Reproduce the records below in their entirety, character for character.

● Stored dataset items
##############################

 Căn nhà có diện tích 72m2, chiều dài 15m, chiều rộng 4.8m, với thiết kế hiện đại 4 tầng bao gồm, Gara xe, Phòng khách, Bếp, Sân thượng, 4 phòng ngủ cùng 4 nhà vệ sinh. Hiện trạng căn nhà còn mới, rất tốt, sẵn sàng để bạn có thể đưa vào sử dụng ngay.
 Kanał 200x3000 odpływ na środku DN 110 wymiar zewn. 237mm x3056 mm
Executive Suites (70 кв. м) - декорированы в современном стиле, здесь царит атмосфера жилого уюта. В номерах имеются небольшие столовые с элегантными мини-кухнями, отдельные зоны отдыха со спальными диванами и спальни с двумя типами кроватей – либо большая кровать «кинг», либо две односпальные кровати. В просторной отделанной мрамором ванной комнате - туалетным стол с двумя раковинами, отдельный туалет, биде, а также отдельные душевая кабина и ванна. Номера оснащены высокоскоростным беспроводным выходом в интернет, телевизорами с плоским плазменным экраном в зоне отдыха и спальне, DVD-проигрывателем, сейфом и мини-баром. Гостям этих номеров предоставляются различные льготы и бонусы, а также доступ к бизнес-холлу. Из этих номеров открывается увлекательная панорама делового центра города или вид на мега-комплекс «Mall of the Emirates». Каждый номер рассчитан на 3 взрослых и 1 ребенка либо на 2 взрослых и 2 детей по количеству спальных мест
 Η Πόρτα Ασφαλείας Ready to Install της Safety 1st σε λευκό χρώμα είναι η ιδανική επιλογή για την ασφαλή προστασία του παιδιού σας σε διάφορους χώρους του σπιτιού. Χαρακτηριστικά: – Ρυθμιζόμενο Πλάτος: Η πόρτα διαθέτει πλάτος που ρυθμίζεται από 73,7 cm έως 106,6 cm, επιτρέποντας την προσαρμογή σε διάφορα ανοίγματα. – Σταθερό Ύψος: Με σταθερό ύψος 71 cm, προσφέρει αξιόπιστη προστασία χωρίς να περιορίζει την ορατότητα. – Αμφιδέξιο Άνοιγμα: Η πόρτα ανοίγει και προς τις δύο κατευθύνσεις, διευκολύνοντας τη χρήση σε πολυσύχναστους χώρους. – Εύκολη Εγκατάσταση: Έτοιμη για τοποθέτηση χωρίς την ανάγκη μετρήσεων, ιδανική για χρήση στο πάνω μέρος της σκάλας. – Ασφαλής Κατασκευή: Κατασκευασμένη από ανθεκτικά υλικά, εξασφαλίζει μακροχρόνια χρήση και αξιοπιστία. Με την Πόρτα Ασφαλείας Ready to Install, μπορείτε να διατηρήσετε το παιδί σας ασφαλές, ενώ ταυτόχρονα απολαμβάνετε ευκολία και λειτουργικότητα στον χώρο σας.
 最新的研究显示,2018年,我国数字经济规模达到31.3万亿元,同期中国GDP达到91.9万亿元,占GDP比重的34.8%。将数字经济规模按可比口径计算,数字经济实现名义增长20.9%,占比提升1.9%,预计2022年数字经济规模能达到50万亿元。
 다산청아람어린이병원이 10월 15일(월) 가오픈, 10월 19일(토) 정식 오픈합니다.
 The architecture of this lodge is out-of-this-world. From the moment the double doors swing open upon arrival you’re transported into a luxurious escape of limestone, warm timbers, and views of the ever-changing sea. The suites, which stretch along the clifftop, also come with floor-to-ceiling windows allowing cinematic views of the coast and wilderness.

##############################

● Completed exercise
 Căn nhà có diện tích 72m2, chiều dài 15m, chiều rộng 4.8m, với thiết kế hiện đại 4 tầng bao gồm, Gara xe, Phòng khách, Bếp, Sân thượng, 4 phòng ngủ cùng 4 nhà vệ sinh. Hiện trạng căn nhà còn mới, rất tốt, sẵn sàng để bạn có thể đưa vào sử dụng ngay.
 Kanał 200x3000 odpływ na środku DN 110 wymiar zewn. 237mm x3056 mm
Executive Suites (70 кв. м) - декорированы в современном стиле, здесь царит атмосфера жилого уюта. В номерах имеются небольшие столовые с элегантными мини-кухнями, отдельные зоны отдыха со спальными диванами и спальни с двумя типами кроватей – либо большая кровать «кинг», либо две односпальные кровати. В просторной отделанной мрамором ванной комнате - туалетным стол с двумя раковинами, отдельный туалет, биде, а также отдельные душевая кабина и ванна. Номера оснащены высокоскоростным беспроводным выходом в интернет, телевизорами с плоским плазменным экраном в зоне отдыха и спальне, DVD-проигрывателем, сейфом и мини-баром. Гостям этих номеров предоставляются различные льготы и бонусы, а также доступ к бизнес-холлу. Из этих номеров открывается увлекательная панорама делового центра города или вид на мега-комплекс «Mall of the Emirates». Каждый номер рассчитан на 3 взрослых и 1 ребенка либо на 2 взрослых и 2 детей по количеству спальных мест
 Η Πόρτα Ασφαλείας Ready to Install της Safety 1st σε λευκό χρώμα είναι η ιδανική επιλογή για την ασφαλή προστασία του παιδιού σας σε διάφορους χώρους του σπιτιού. Χαρακτηριστικά: – Ρυθμιζόμενο Πλάτος: Η πόρτα διαθέτει πλάτος που ρυθμίζεται από 73,7 cm έως 106,6 cm, επιτρέποντας την προσαρμογή σε διάφορα ανοίγματα. – Σταθερό Ύψος: Με σταθερό ύψος 71 cm, προσφέρει αξιόπιστη προστασία χωρίς να περιορίζει την ορατότητα. – Αμφιδέξιο Άνοιγμα: Η πόρτα ανοίγει και προς τις δύο κατευθύνσεις, διευκολύνοντας τη χρήση σε πολυσύχναστους χώρους. – Εύκολη Εγκατάσταση: Έτοιμη για τοποθέτηση χωρίς την ανάγκη μετρήσεων, ιδανική για χρήση στο πάνω μέρος της σκάλας. – Ασφαλής Κατασκευή: Κατασκευασμένη από ανθεκτικά υλικά, εξασφαλίζει μακροχρόνια χρήση και αξιοπιστία. Με την Πόρτα Ασφαλείας Ready to Install, μπορείτε να διατηρήσετε το παιδί σας ασφαλές, ενώ ταυτόχρονα απολαμβάνετε ευκολία και λειτουργικότητα στον χώρο σας.
 最新的研究显示,2018年,我国数字经济规模达到31.3万亿元,同期中国GDP达到91.9万亿元,占GDP比重的34.8%。将数字经济规模按可比口径计算,数字经济实现名义增长20.9%,占比提升1.9%,预计2022年数字经济规模能达到50万亿元。
 다산청아람어린이병원이 10월 15일(월) 가오픈, 10월 19일(토) 정식 오픈합니다.
 The architecture of this lodge is out-of-this-world. From the moment the double doors swing open upon arrival you’re transported into a luxurious escape of limestone, warm timbers, and views of the ever-changing sea. The suites, which stretch along the clifftop, also come with floor-to-ceiling windows allowing cinematic views of the coast and wilderness.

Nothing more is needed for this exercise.